As described, EtRh-N-NH𝟐 was synthesized via a three-step method from 2-(5-(diethylamino)-2-hydroxybenzoyl) benzoic acid (Scheme 2). At first, the reaction of compound 1 and cyclohexanone generates the three-membered ring intermediate 2 in the presence of concentrated sulfuric acid. Then the afforded 2 was condensed with 4-diethylaminobenzaldehyde to give raise to the fluorophore EtRh-COOH. Finally, the carboxyl part of the fluorophore underwent a ring-closure reaction to obtain the desired aminohydrazide probe EtRh-N-NH𝟐.

Scheme 2.

Synthesis of EtRh-N-NH2.

2.2 Mechanistic study of the response

As depicted in Scheme 3, we proposed the mechanism of the fluorescent turning-on process of the designed probe EtRh-N-NH𝟐. The Cu(II) powerfully bonds and chelates with the amino and carbonyl groups of the probe, leading to the hydrolysis of the hydrazide and formation of the strong fluorescent EtRh-COOH. Eventually, the fluorescence is turned on.

Scheme 3.

Proposal of the mechanism for the fluorescent turning-on process.

To validate the mechanism, we performed the HPLC experiments.
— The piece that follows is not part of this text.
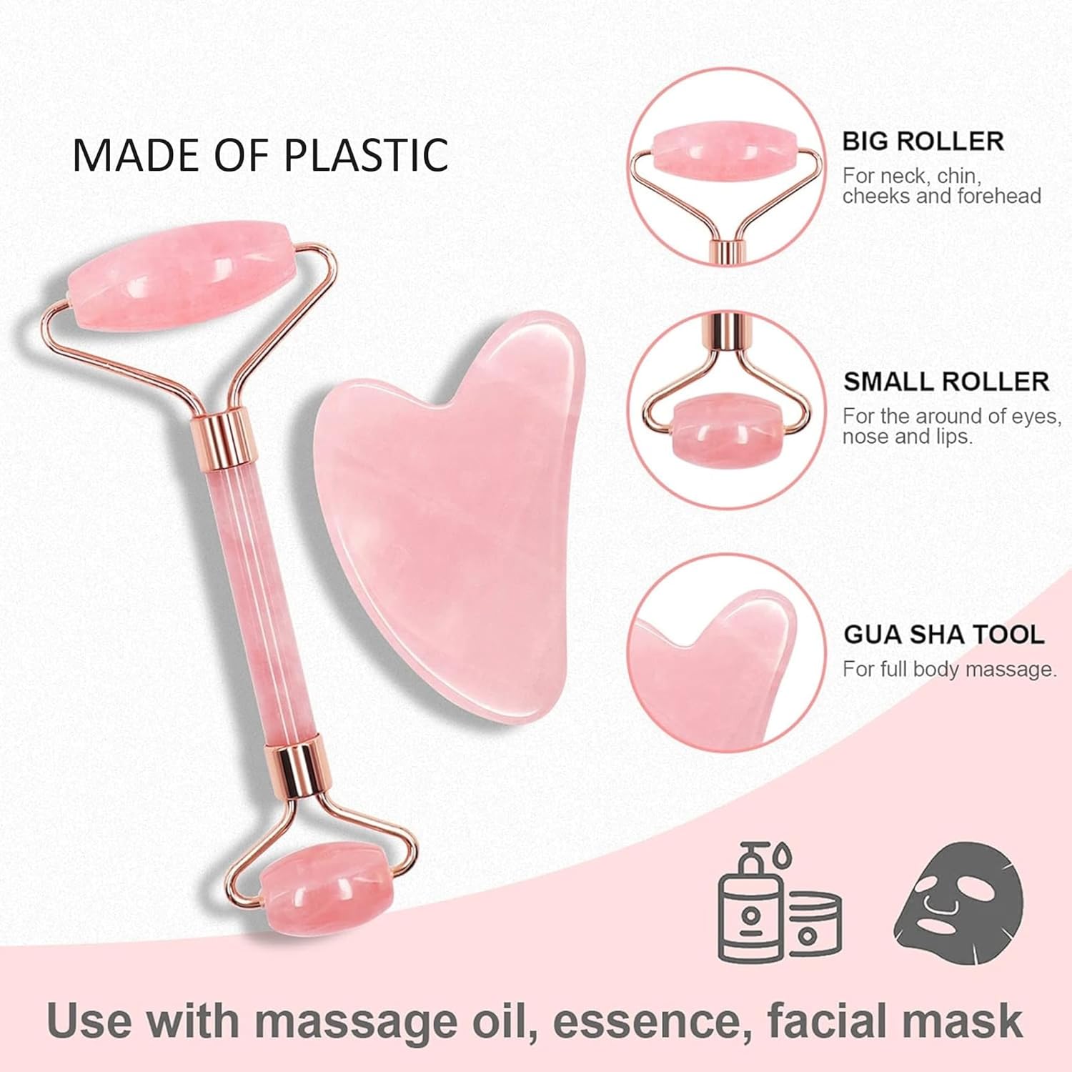 Jade Roller & Gua Sha Facial Tools: Enhance your skincare with our facial gua sha and jade roller, designed for face sculpting and reducing puffiness. Although the materials are not genuine jade, the lightweight construction offers ease of use. It is ideal for daily facial massages and for promoting skin elasticity. Note: Both are made of high-quality plastic.

As shown in Fig. 1, the retention times for EtRh-COOH and EtRh-N-NH𝟐 were 3.20 min and 4.38 min, respectively. Upon adding Cu(II) compounds, the peak of EtRh-N-NH𝟐 disappeared gradually; meanwhile, the peak of EtRh-COOH raised proportionately, suggesting the generation of EtRh-COOH. In addition, the high-resolution detection of the mixed solution of the probe EtRh-N-NH𝟐 and Cu(II) compounds can simultaneously obtain the mass spectrum peaks of EtRh-N-NH𝟐 and EtRh-COOH (Supplementary Fig. 1). Therefore, we proved the reaction mechanism in Scheme 3.

Fig. 1.

HPLC chromatograms of EtRh-COOH (Blue), probe EtRh-N-NH𝟐 + Cu(II) (Red), EtRh-N-NH𝟐 (Black). Mobile phase: MeOH/EtCN (Gradient of 1/1 to 1/4, v/v).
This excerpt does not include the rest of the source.